Frank J. Brown (1956 – April 9, 2020) was an African-American visual artist active in Minnesota. His sculptures have entered several public collections.

==Early life and education==
Brown was raised in Carbondale, Illinois, the youngest of ten children. His family later relocated to Springfield, Illinois, where he began his career as an artist while in high school. As a young man, he relocated to Cleveland, Ohio for a time, and then later attended Southern Illinois University Carbondale, where he received his BFA. He received an MFA from the University of Wisconsin–Madison in arts, metals, and ceramics. He relocated to St.
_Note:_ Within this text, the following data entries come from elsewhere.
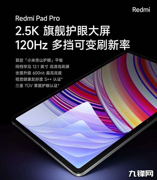 紅米Pad Pro配置了12.1英寸大屏,并且是LCD材質(zhì),屏幕支持2.5K分辨率、120Hz多擋可變刷新率,全面升級(jí)600nit最高亮度,獲得中國(guó)質(zhì)量認(rèn)證中心視覺健康友好度S++認(rèn)證、三重萊茵護(hù)眼認(rèn)證等。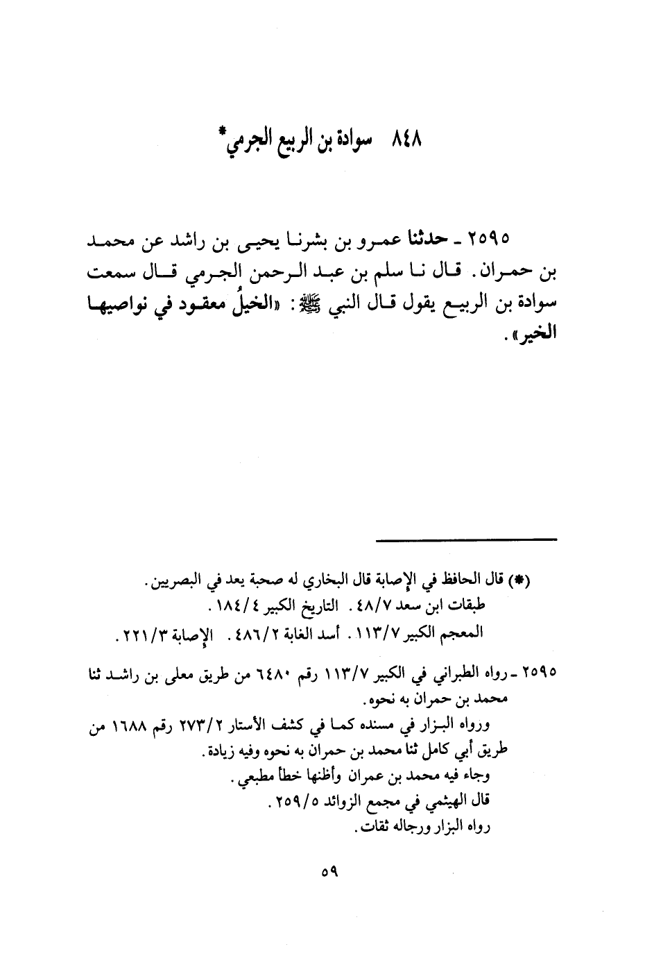 2595 - حَدَّثَنَا عَمْرُو بْنُ بِشْرٍ، نا يَحْيَى بْنُ رَاشِدٍ، عَنْ مُحَمَّدِ بْنِ حُمْرَانَ قَالَ: نا سَلْمُ بْنُ عَبْدِ الرَّحْمَنِ الْجَرْمِيُّ قَالَ: سَمِعْتُ سَوَادَةَ بْنَ الرَّبِيعِ يَقُولُ: قَالَ النَّبِيُّ صَلَّى اللهُ عَلَيْهِ وَسَلَّمَ: «§الْخَيْلُ مَعْقُودٌ فِي نَوَاصِيهَا الْخَيْرُ»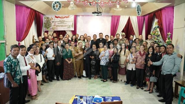 Sanggau, Kalbar – Wakil Bupati Sanggau Drs. Yohanes Ontot, M.Si, menghadiri Ibadah dan Natal Persekutuan Pelayanan Hamba Tuhan Garis Depan (PPHTGD) Kecamatan Tayan Hulu, Selasa (6/12).

Paul in 1997, where he lived and worked in the Lowertown neighborhood for the majority of his career.

==Works==
Brown's tzedakah box, Hope for Tomorrow, is in the collection of the Minneapolis Institute of Art. The work was created for "Tzedakah Box: The Art of Giving", a competition sponsored by the museum in 2002. Brown described the theme of his first place-winning box as "Through our suffering, we create hope for tomorrow."

His large ceramic sculpture A Community Within Reach is permanently installed in a park in Sarasota, Florida. He created the piece in St. Paul over the course of a year.

He also created a bust of Martin Luther King Jr., Living For The Dream, for the Municipal Building in Madison, Wisconsin.